NIRS analysis of Brix degrees in whole apples in real time
Analysis of Brix degrees
The agri-food industry has advanced significantly in recent years through the implementation of technologies to improve quality control and the efficiency of production processes. One of the most relevant technologies in this regard is Near-Infrared Spectroscopy (NIRS). This technology has shown great potential for the non-destructive and rapid analysis of agricultural products, such as apples, allowing the measurement of a wide range of quality parameters.
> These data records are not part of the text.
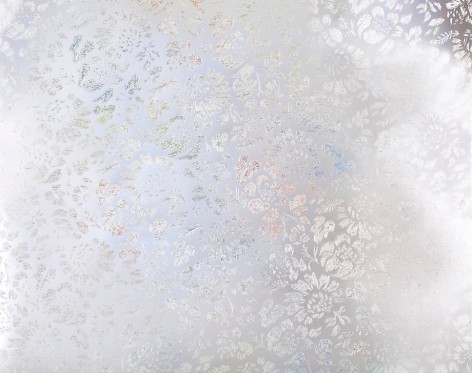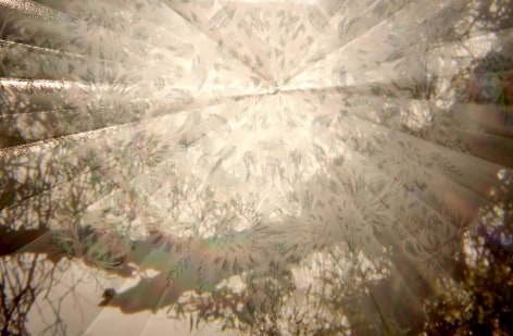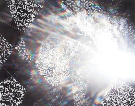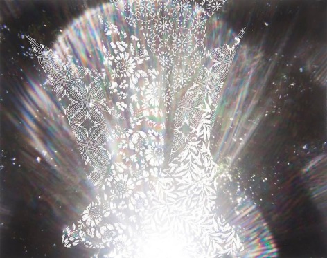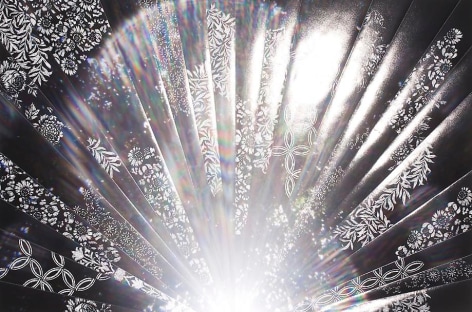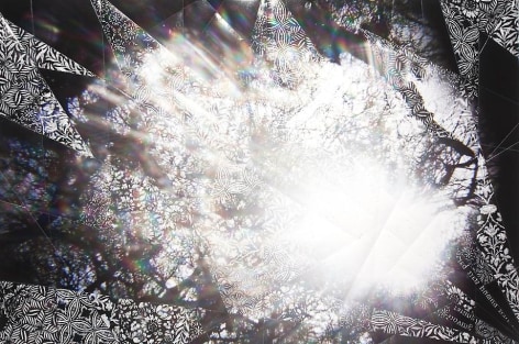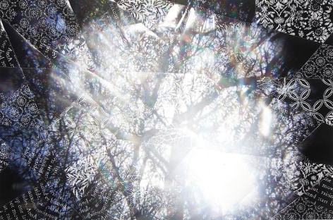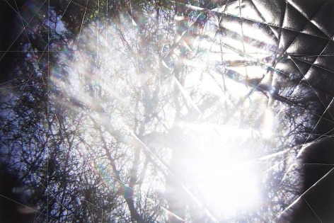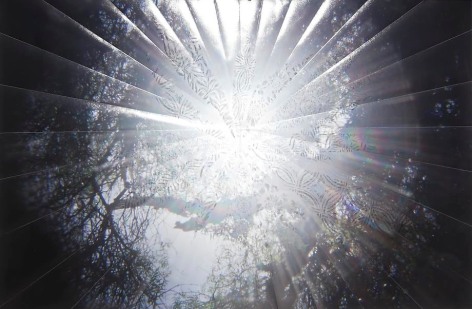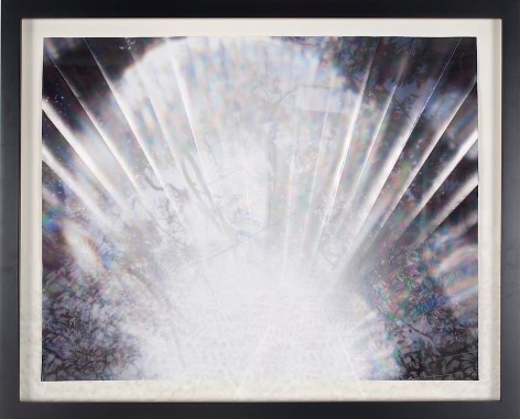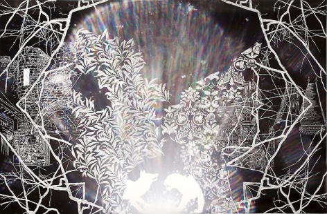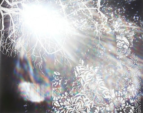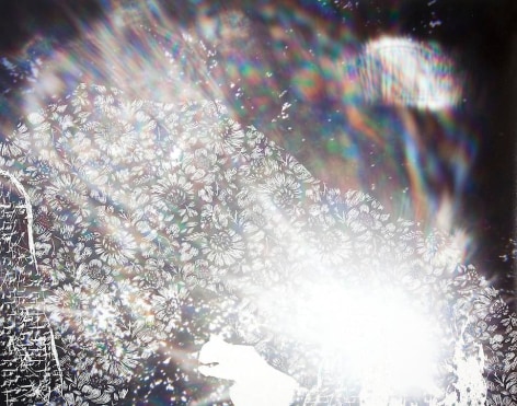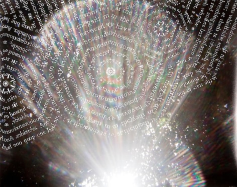 Countering the idea of the mass-produced novel and pervasive e-book, GRFALWKV harkens back to the handmade origins of bookmaking, imitating the illustrative qualities of crafted manuscripts while also recalling the visual language of contemporary materiality, literature, and design. Employing techniques of spray painting, collage, and fountain pen drawing, each page is meticulously transcribed by hand. Through this methodical process, Russell invites us to ruminate on the affects of mortality. The first chapter recalls scenes from Antichrist movies of the Cold War era, with illustrations alluding to environmental catastrophe. The next chapter delves into Edmund Burke's essay on terror as the ruling principal of the sublime, while the following chapter offers an imaginary glimpse into the aftermath of a nuclear blast. The fourth chapter “Dead Art Star” - deals with the art world as a catastrophic event in which ideals are traded and sold to the detriment of the artist's sense of self. The final chapter brings the text back to photographic seeing by offering brief descriptions of mundane scenes, and creates mental images that act as stages for potential traumas. Supplementary to the book are Russell's photographs of lens flares, rife with intricately scraped patterns and figures upon their surfaces. With a razorblade, Russell gouges stylized explosions and fragmented scenes of an apocalyptic aftermath into his images, creating a world in which animals have returned to re-inhabit the rubble left by these detonations. Simultaneously referencing death and rebirth, Russell's visual and written narrative guides us through the captivating, volatile nature of transience.
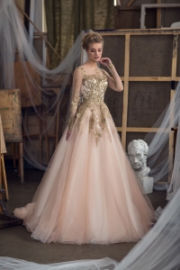 Корсет, плечи, рукава и переход на юбку украшает сутажный французский 3D гипюр с золотой нитью и обьемными цветами. Длинные рукава с застежкой на запястье на пуговицы. Золотой цвет гипюра может сочетаться с большим колличеством оттенков, поэтому платье может быть и в лазурном, небесном и марсаловом оттенках.
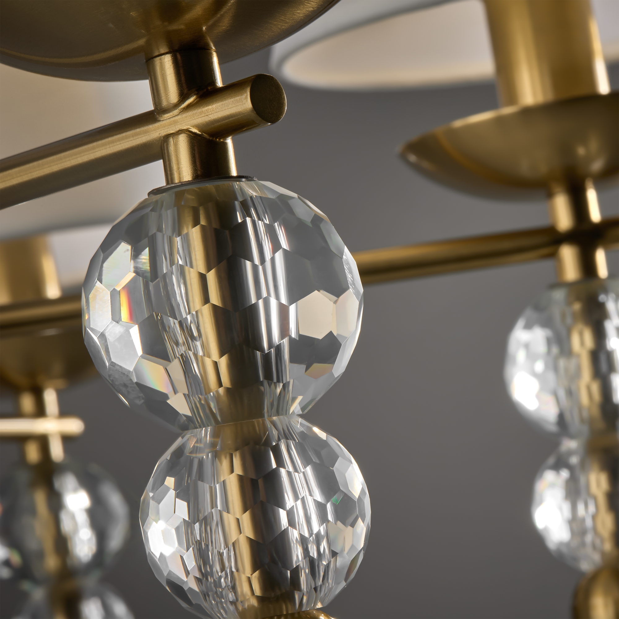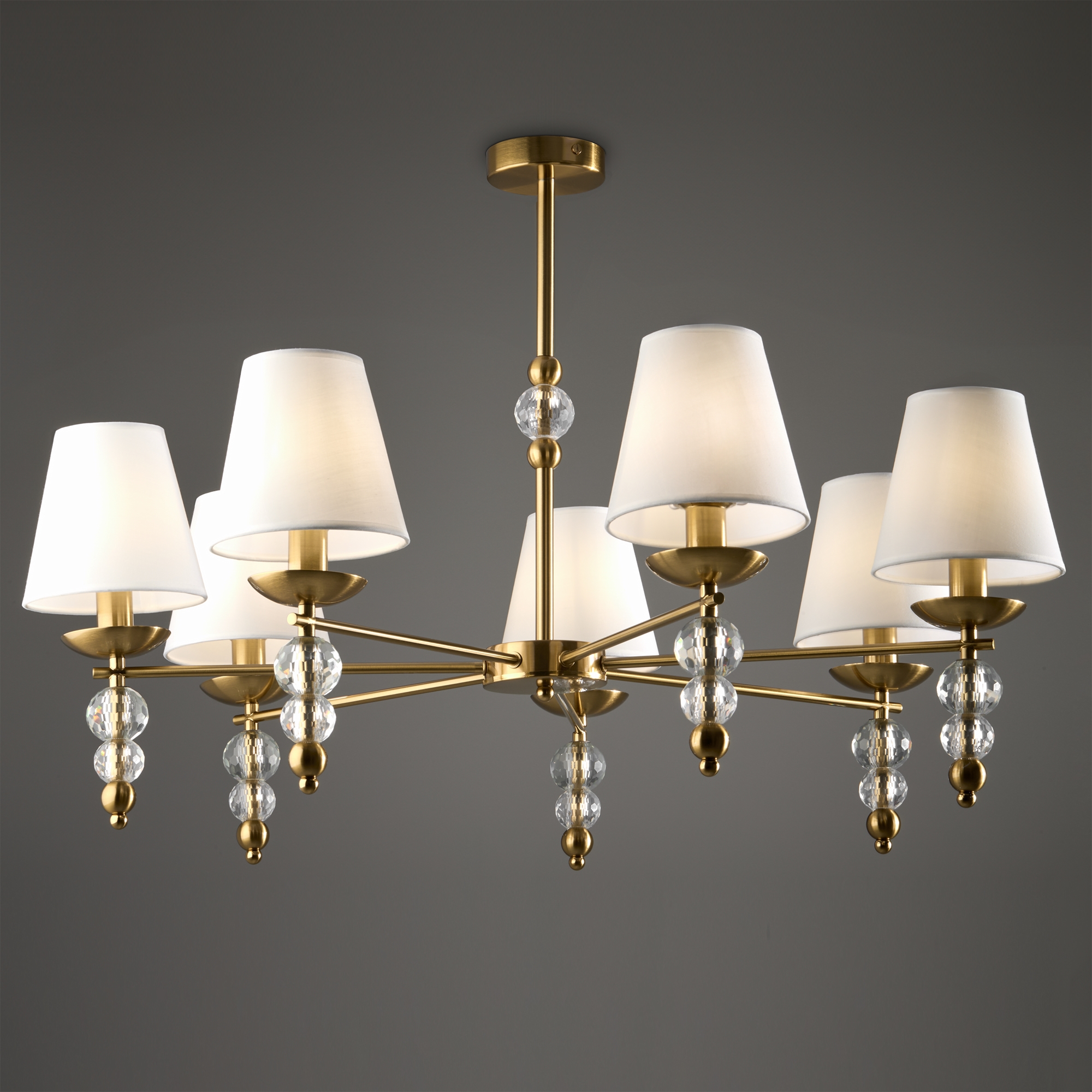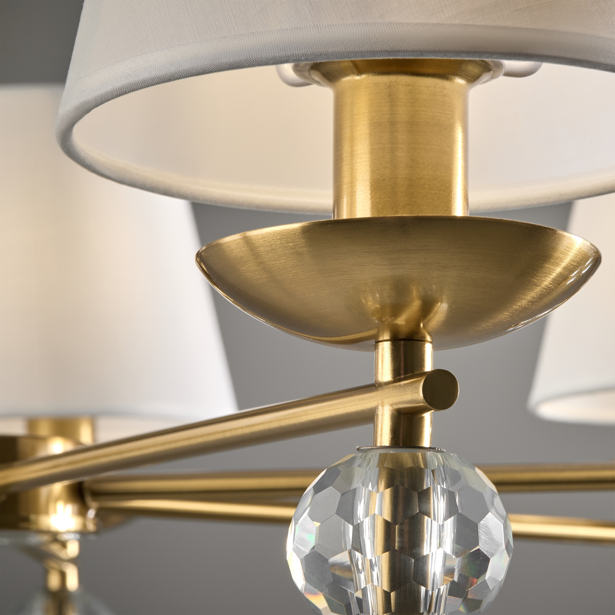 Материал абажура — ткань, цвет — белый. Металлическая арматура в цвете латунь обрамлена хрустальными бусинами. Источник света — лампы с цоколем Е14. Степень защиты — IP20.

This paper aims to present a detailed analysis of the application of NIRS technology in the continuous analysis of whole Golden Delicious apples with a special focus on analysis of brix degrees, which is the main parameter for controlling the ripening of the fruit, as well as for its preservation and commercialization.
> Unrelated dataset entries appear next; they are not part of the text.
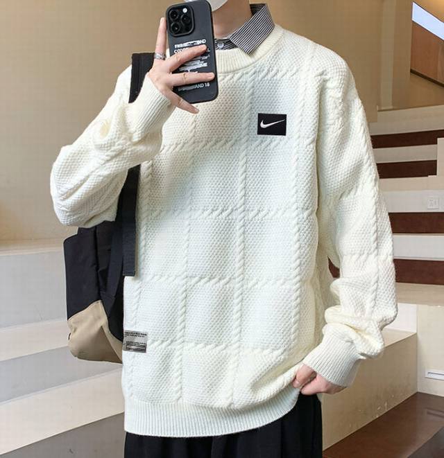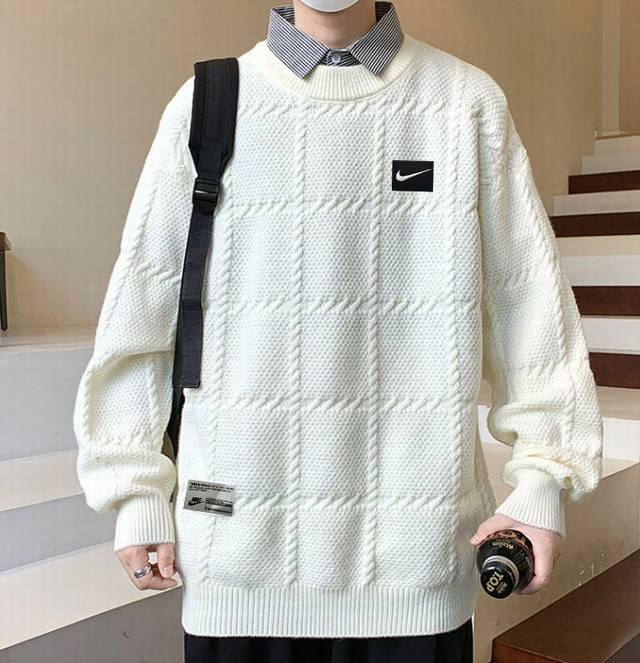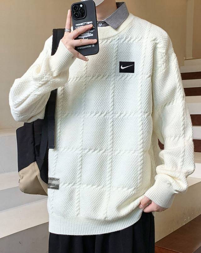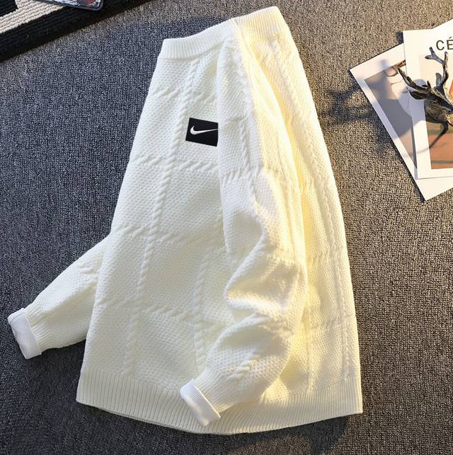 New Arrival! Nike Fall/Winter Sweater, Couple Style, Knitted Sweater, Trendy and Cool, Comfortable Crew Neck Design, Comfortable and Warm, Easy to Put On and Take Off, Responding to the Current Retro Sports Trend. This style uses a blended fabric with acrylic added to the cuffs and hem for increased elasticity, less deformation, and greater durability. It has a soft feel and is comfortable to wear without feeling burdened. The simple and stylish silhouette conveys versatility and practicality! Colors: White, Gray, Khaki Sizes: M, 3XL Chest, Length, Shoulder Width M 92 64 44 L 96 66 46 XL 100 68 48 2XL 104 70 50 3XL 10 8 71 52
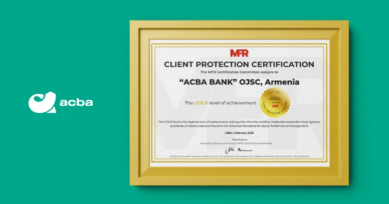 Ակբա բանկը միջազգային հեղինակավոր MFR գործակալության կողմից արժանացել է «Հաճախորդների պաշտպանության հավաստագրման» (Customer protection certification) ամենաբարձր՝ ոսկե մակարդակի։
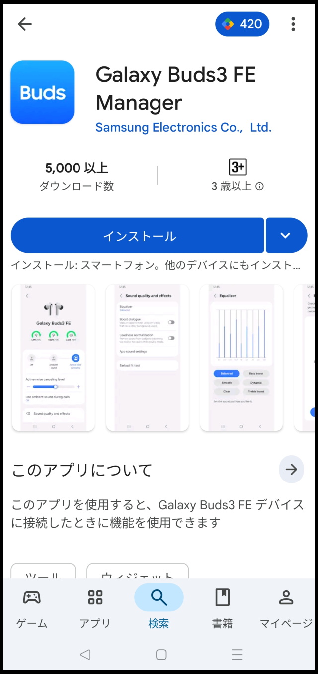 Samsung Galaxy Buds3 FEをコントロールするための専用アプリ「Galaxy Buds3 FE Manager」を利用するためには、あらかじめ「Galaxy Wearable(Gear Maneger)」アプリをインストールしておく必要がある。

Traditional analysis of brix degrees in apples
The traditional method of analysis of Brix degrees of apples used in the industry is refractometry. Although it is a simple and fairly inexpensive method, it is destructive, off-line, based on random and slow sampling, making it impossible to analyse large volumes of production.
Advantages of NIRS technology
- Non-destructive: Unlike traditional methods, NIRS does not require the destruction of the sample, allowing the fruit to be analysed in its entirety and keeping it suitable for marketing.
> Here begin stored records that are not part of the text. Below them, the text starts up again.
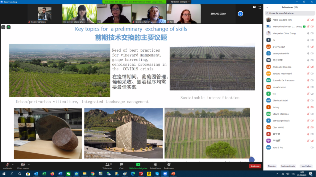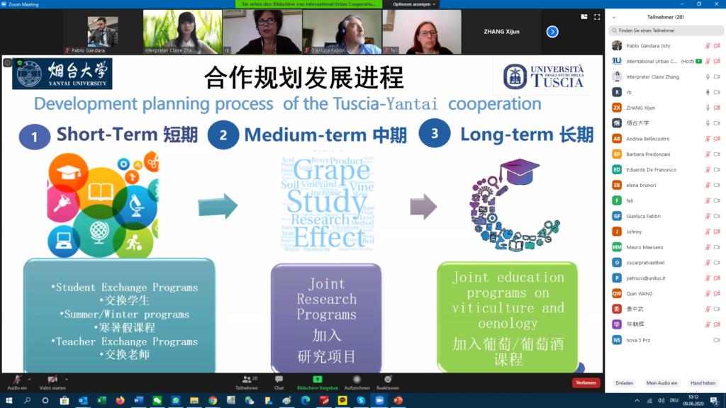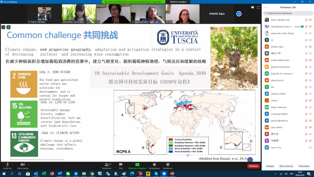 Professor Rita Biassi from the Department for Innovation in Biological, Agri-food and Forest Systems (DIBAF) at the University of Tuscia proposed to cooperate in urban/peri-urban viticulture and integrated landscape management as a way to maintain the competitiveness of the wine sector in light of ongoing environmental emergencies, e.g. land degradation. Peri-urban areas surrounding large cities like Rome and Yantai are crucial for sustainable regional development as they include transition zones. Professor Biassi stated that climate change is a challenge that makes the development of new grapevine geography necessary. Peri-urban areas in the Lazio region need to develop adaptation and mitigation strategies in a contest of decreasing surfaces and increasing wine consumption. Cooperation with China would support the sustainable development goals of the UN, specifically goal 2 (zero hunger), 11 (sustainable cities and communities), 13 (climate change), and 15 (life on land).
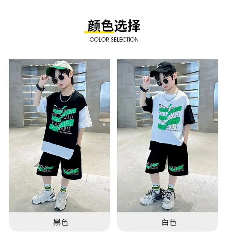 Комплект одежды для мальчиков с коротким рукавом, Новинка лета 2023, модная Лоскутная футболка с круглым вырезом и брюки-карго, комплект из 2 предметов, одежда для подростков
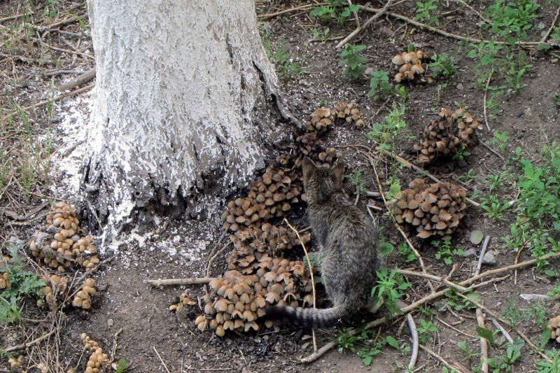Сегодня с балкона наблюдал, как кот поедает шляпки навозников, подумалось - то ли гурман, то ли жизнь заставила...)

- Fast: Analysis is immediate, with response times in milliseconds.
- Multiparametric: A single NIRS analysis can provide information on several quality parameters simultaneously.
- Reduced wastage: By identifying poor quality fruit immediately, they can be diverted before they continue in the packing process, reducing wasted resources.
- Storage optimisation: NIRS technology can identify which fruits have the greatest storage potential, helping companies to better manage their inventories.
Brix analysis of apples with NIR spectroscopy
The following NIRS model for analysis of brix degrees was performed with 40 samples and references of the Golden Delicious apple variety. The spectra and references were obtained from 4 different points (replicates) of each apple from the calibration set with the Visum NIR In-Line™ process analyser. Finally, a digital refractometer was used to obtain the set of reference values.
Figure 1: Brix degrees – Key Figures of Merit Visum NIR In-Line™ process analyser
Figure 2: Samples used during model training (grey) and automatically split internal validation samples (blue). Figure 3: Risk of overfitting for the brix model for Golden Delicious apples.
Conclusions: NIRS analysis of Brix degrees
For the sample range of the calibration set (11.1 – 15.8 brix), an RMSEP (Root Mean Square Error of Prediction) of ±0.3 and a correlation coefficient (R2) of 0.93 were obtained with respect to the results obtained using the reference method. The Model Builder Visum Master™ software also automatically runs a spectral quality routine to eliminate spectral outliers , i.e. data that are identified outside the model field during the training phase and finally a permutation test to determine the risk of overfitting, which can be understood as the probability that the calibration performed does not respond adequately to future samples (not used during calibration). For this model the risk of overfitting was only 0.0015, demonstrating the usefulness and accuracy of the Visum NIR In-Line™ process analyser for continuous analysis on apple sorting lines.